Questions 1.In the introduction part, the author presented the data about medical software failures. However, with the development of computer science and increased popularity of medical devices, is it possible that the increased recalls is due to the more many medical devices. For that case, I think the recalls will also increase. 2.Even if the medical devices have more safety and effectiveness, there is a possibility that if the medical devices down because of low power. It still also dangerous. 3.I’m confused about that why companies are less likely to perceive value from specification of requirements. According to my understanding, the companies are more likely to improve the effectiveness and safety under the driven by interests.

[samfrey99]

Reviewer: Sam Frey Review Type: Comprehension

Problem: Medical devices have potential to injure or even kill the person they are meant to help due to a simple software bug. This paper highlights how much more needs to be done to ensure the reliability of these systems.

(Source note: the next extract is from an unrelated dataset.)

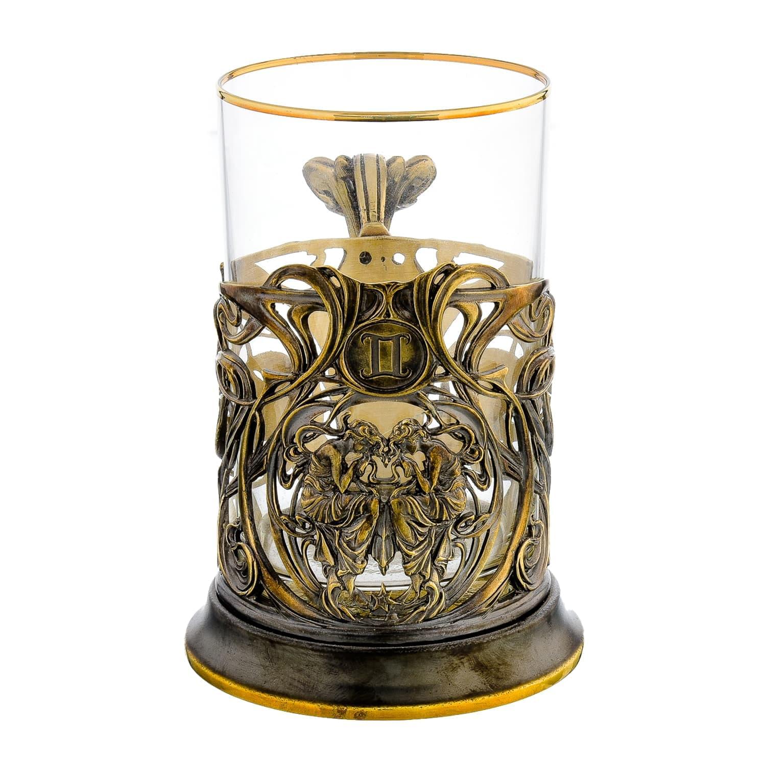 Корпус двухчастный: в литое основание вставлен стакан из стекла. На корпусе изображены Близнецы в фантасмагорической композиции.

Contributions: The paper highlights specific techniques from various fields of engineering to make safety a priority in the development of medical devices. These include using strongly typed programming languages, taking a Systems-Engineering approach to the development lifecycle, and working to prevent and eliminate user error.

Questions:

1. Does a form of formal verification exist for medical devices? A platform for this may help eliminate software issues discussed in the paper.
2. Do companies assume that medical professionals know what to do and therefore skimp on error checking, are medical professionals assuming that the technology won't allow for mistakes like improper dosing, or is it a mix of the two issues?
3. The paper frequently refers to security as a low-probability, high-consequence risk but doesn't say what to do about it. How can we improve security as these devices continue to be connected to the internet?

[pcodes]

Reviewer: Pat Cody

Review Type: Critical Review

Problem Being Solved:

Software is increasingly being combined with medicine to create smart medical devices, but a failure in one of these devices is far worse than a smart fridge, as these devices can be the difference between saving or killing someone. Testing these devices is also difficult, as they might perform fine in a vacuum, but in practice they might behave incorrectly when in communication with other devices.

Main Contributions:

This paper highlights many of the technical issues that contribute to medical device software failure, ranging from a poor spec to poor software engineering techniques. It also discusses policy improvements, such as requiring better data collection and allowing for open research in the area, as opposed to the often-proprietary nature of medical research.

Questions:

• The paper authors discuss some frequent problems that happen at a technical level, but do they have any proposals for how to fix the software update problem? This is a frequent question in other areas of IoT, and seems even more relevant when we're dealing with devices that are responsible for people's lives.
• Do the authors have suggestions for how to improve interopability between devices? Requiring third-party review fixes the "poor testing" problem, but are there technical improvements that can be made to reduce compatibility problems?

Critiques:

• The policy suggestions were interesting, but I wish they had provided a little more background on the current state of medical policy.
• No mention of privacy, which seems like it would have been a great point to bring up given that it is both a technical and policy problem.